Menurut Hajrah ibu sang bocah, sejak Sabtu dinihari putra bungsunya itu sudah belasan kali kali muntah. Ia memang sudah diberi obat oleh tim medis di pos pengungsian. Namun kondisi anak bungsu dari tiga bersaudara pasangan Johansua dan Hajrah ini tidak ada perubahan.
Sejak pagi tim medis hendak membawanya ke Puskesmas Antang. Namun akses jalan susah ditembus oleh kendaraan. Rencana itu pun urung dilakukan.
Sebenarnya ada mobil warga yang terparkir. Hanya sejak banjir melanda kawasan ini , beberapa mobil hanya terparkir. Kalau dipaksakan, juga percuma. Sebab mobil dipastikan mogok di tengah jalan.
Di luar pun relawan Tim SAR Unhas yang hendak membawa obat ke tempat penampungan sempat tertahan. Sebab tak ada satu pun mobil yang berani menembus banjir menuju lokasi penampungan. Maklum sampai Sabtu sore kemarin air masih setinggi dada orang dewasa. Arus air juga sangat kencang. Di lokasi ini tak ada satu pun perahu karet.
Para relawan baru bisa menembus banjir setelah ikut menumpang bersama rombongan ARA yang datang menggunakan mobil jeep hartop. Mobil berwarna orange Ini memang khusus kendaraan off road. Di luar kesibukannya sebagai wakil rakyat ARA biasa menyalurkan hobbynya di olahraga ekstrim.
Ada tujuh orang relawan mengenakan pelampung orange ikut menumpangi mobil ini. Mereka duduk di atas cap jeep keluaran tahun 1986 milik politis Partai Demokrat itu.

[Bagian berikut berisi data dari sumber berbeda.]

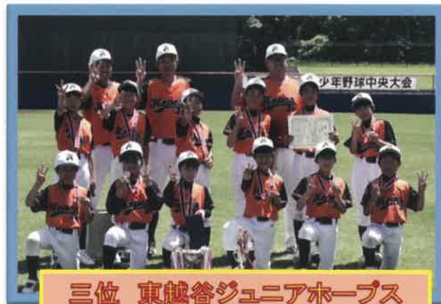
三位 東越谷ジュニアホープス

ARA sendiri berpindah duduk di atas cap mesin mobilnya. Sebab ada beberapa warga yang diangkut di mobil bernomor polisi DD 4 RA itu. Mereka diangkut di tengah jalan karena nekad menembus banjir dengan berjalan kaki.
Menggunakan mobil yang biasa digunakan di medan ekstrim itu, ARA memboyong bocah tersebut menuju Puskesmas Antang. Dari masjid ke puskesmas jaraknya sebenarnya cukup dekat. Hanya sekitar 3 sampai 4 Kilometer (KM).

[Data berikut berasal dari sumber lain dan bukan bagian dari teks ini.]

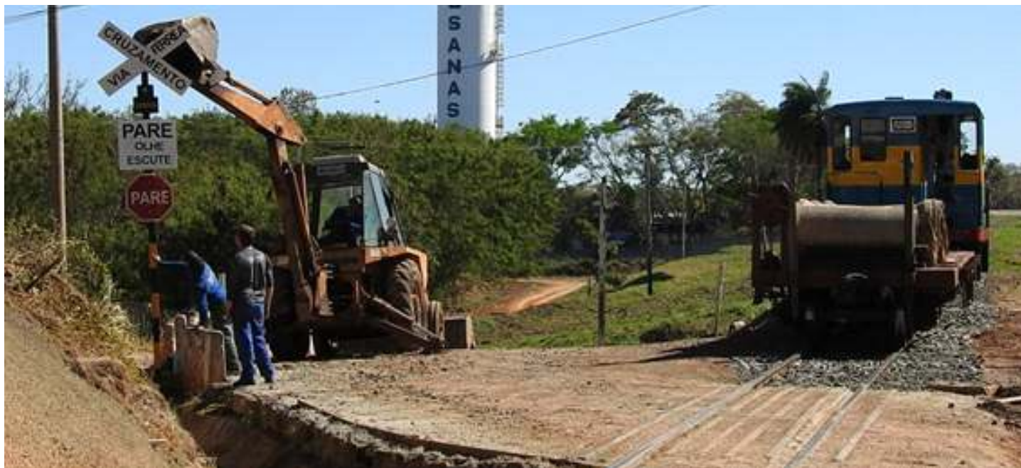
♦ Instalação de nova Cruz de Santo Andre

A regional Campinas agradece a todos os colaboradores, associados e amigos que colaboram e colaboraram pelo sucesso das operações do mês de agosto, os trabalhos na via e nas oficinas.

Jika kondisi normal, waktu yang ditempuh bisa 10 menit. Namun jalan yang dilalui masih tergenang banjir. Tingginya sampai dada orang dewasa. Arus air juga cukup deras.
Ini yang menghambat proses evakuasi. Akibatnya waktu tempuh ke puskesmas hampir memakan waktu 1 jam. Apalagi beberapa kali mobil yang ditumpangi nyaris terperosok ke selokan. Sebab jalannya berlubang-lubang akibat banjir.
Mobil jeep itu juga melaju cukup hati-hati. Apalagi ditumpangi 18 orang. Ada yang duduk di atas atap mobil, ada juga yang bergelantungan di kiri dan kanan body mobil. Empat orang lainnya duduk atas cup mesin mobil. Selebihnya di dalam. Idealnya, mobil ini hanya bisa memuat enam orang saja.
Tiba di Puskesmas sekitar pukul 17.00 Wita. ARA membopong bocah yang sudah lemas itu ke ruang Unit Gawat Darurat (UGD), diikuti ibu sang bocah dan dua orang kerabatnya.
‘’Untung tim medis di Puskesmas Antang stand by 24 jam. Bocah ini langsung ditangani oleh beberapa perawat,” kata ARA yang salut dengan kesigapan para tim medis di puskesmas ini.
Hajrah yang kondisinya juga agak lemas hanya bisa terdiam menatap putra bungsunya yang tengah terbaring ditangani perawat. Wajahnya sedih.
ARA yang ditemani tiga kader Partai Demokrat yang ikut dalam rombongan ini lalu pamit. Sebelum meninggalkan ruang UGD wartawan INFOSULSEL.COM yang ikut dalam misi sosial ini menyaksikan ARA memberikan beberapa lembar pecahan rupiah saat menjabat tangan ibu sang bocah.
‘’Bu, tabe. saya minta maaf tidak bisa lama-lama. Saya pamit dulu. Soalnya masih ada beberapa lokasi banjir yang mau kami kunjungi,” ujar ARA saat menjabat tangan ibu ini.
Hujan deras yang tak henti-hentinya turun beberapa hari terakhir ini membuat sebagian kawasan di kota Makasar terendam banjir. Ribuan warga terpaksa mengungsi. Kawasan yang terkena banjir parah lainnya di Makasar juga terjadi di Paccerakkang, Kompleks Kodam III, Romang Tangaya, dan Swadaya di Kecamatan biringkanayya. Tiga titik ini memang tiap tahun menjadi langganan banjir.